Escoffier.   Georges Auguste     - Signed by the Author. 1930.
A. ESCOFFIER L'Aide Memoire Culinaire
SUIVE D'UNE Etude sur les Vins Francais et Etrangers a l'usage des Cuisiniers, Maitres d'hotel et Garcons de Restaurant ERNEST FLAMMARION, EDITEUR 26, RUE RACINE, PARIS Droits de traductions et de reproduction reserve pour tous pays, y compris la Suede et la Norvege.
190x120mm. n/d but circa 1928. 1fep. Half title with an unusual dedication signed by Escoffier - "En Souvenir A Monsieur Charles Leydecker sincire sympathie E Escoffier Mars 1930" and also as expected, Escoffier's facsimile signature on the verso, headed Note de l'Auteur. Title page with verso Advertissement Important. (1)vi-viii Avant-Propos. (1)1-390. no fep. Soiled original orange-brown paper covers with text still clearly legible. Internally evenly age browned throughout. This looks like a chefs well used copy that has been kept intact in the original state. Because of the signature it is housed in a dark brown cloth clamshell box. Two black and gilt morocco labels on spine. The first 3 leaves and front cover has clear tissue repairs not affecting the text. A rare, complete and original signed copy of this least known of Escoffier's writings.

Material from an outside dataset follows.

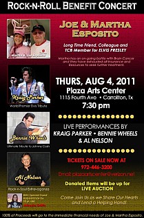 Am 25. Juni 2011 hatten wir hier unseren „Elvis-News“ erstmals über die sehr schwere Erkrankung von Martha Esposito berichtet, der Ehefrau von Elvis’ langjährigem Privatsekretär, Road-Manager und engem Freund Joe Esposito. Martha Esposito leidet schon seit längerer Zeit an einem Hirntumor, der zu einer Schädigung des zentralen Nervensystems geführt hat. In der Fachsprache wird diese Erkrankung als „neoplastische Meningitis“ bezeichnet. Eine Behandlung dieser tückischen Krankheit ist äußerst schwierig und überdies mit immensen Kosten verbunden. Joe und Martha Esposito haben hierfür mittlerweile alle ihre finanziellen Ressourcen aufgebraucht und hoffen nun sehr herzlich auf Unterstützung von den Elvis-Fans. Zu diesem Zweck wird es am Donnerstag, dem 4. August 2011, ab 19.30 Uhr ein Wohltätigkeitskonzert unter dem Titel „Rock’n’Roll Benefit Concert“ geben, das im „Plaza Arts Center“ in Carrollton/Texas (nordwestlich von Dallas gelegen) stattfinden wird. Für die Veranstaltung sind der Elvis-Imitator Kraig Parker, der Johnny Cash-Imitator Bennie Wheels, der Rock- und Soul-Sänger Al Nelson und die erst 10-jährige talentierte Nachwuchssängerin Mikayla Griffin gebucht worden. Neben den Live-Auftritten dieser Künstler soll es auch eine Versteigerung von Musik-Memorabilia geben, für die Sachspenden erbeten werden. Der gesamte Erlös des „Rock’n’Roll Benefit Concert“ wird an Joe und Martha Esposito gehen. Weiterhin offen ist auch das für die Espositos eingerichtete Spendenkonto bei der kalifornischen „Talbert Family Foundation“, im Internet zu finden unter www.talbertfamilyfoundation.org. Datum: 24. Juli 2011 – Quelle: Fanclub „Elvis Unlimited“ |

- The first edition was published - 1919. When one assembles the list of all of Escoffier's writings, a picture emerges of French Cuisine explained in its detailed entirety; from the classic to the new modern. Starting with his great 'Guide to Modern Cookery' to this abbreviated memory aid, then recipe books about Rice and Cod, a treatise on Wax flower modelling, also recipe booklets about his bottled sauces, and unusually recipes for stock cubes, not forgetting his many articles for contemporary culinary magazines. Taking into account all his mentoring and placement of over 2000 pupils and colleagues in good positions of employment all over the world, one wonders how he managed the hard working daily routine of a Chef de Cuisine of a very large kitchen brigade that started at 6am till late evening. But he did. His was a life of extraordinary endeavor and creativity that is well documented by many of his friends, former apprentices and admirers. Appreciation grows and grows.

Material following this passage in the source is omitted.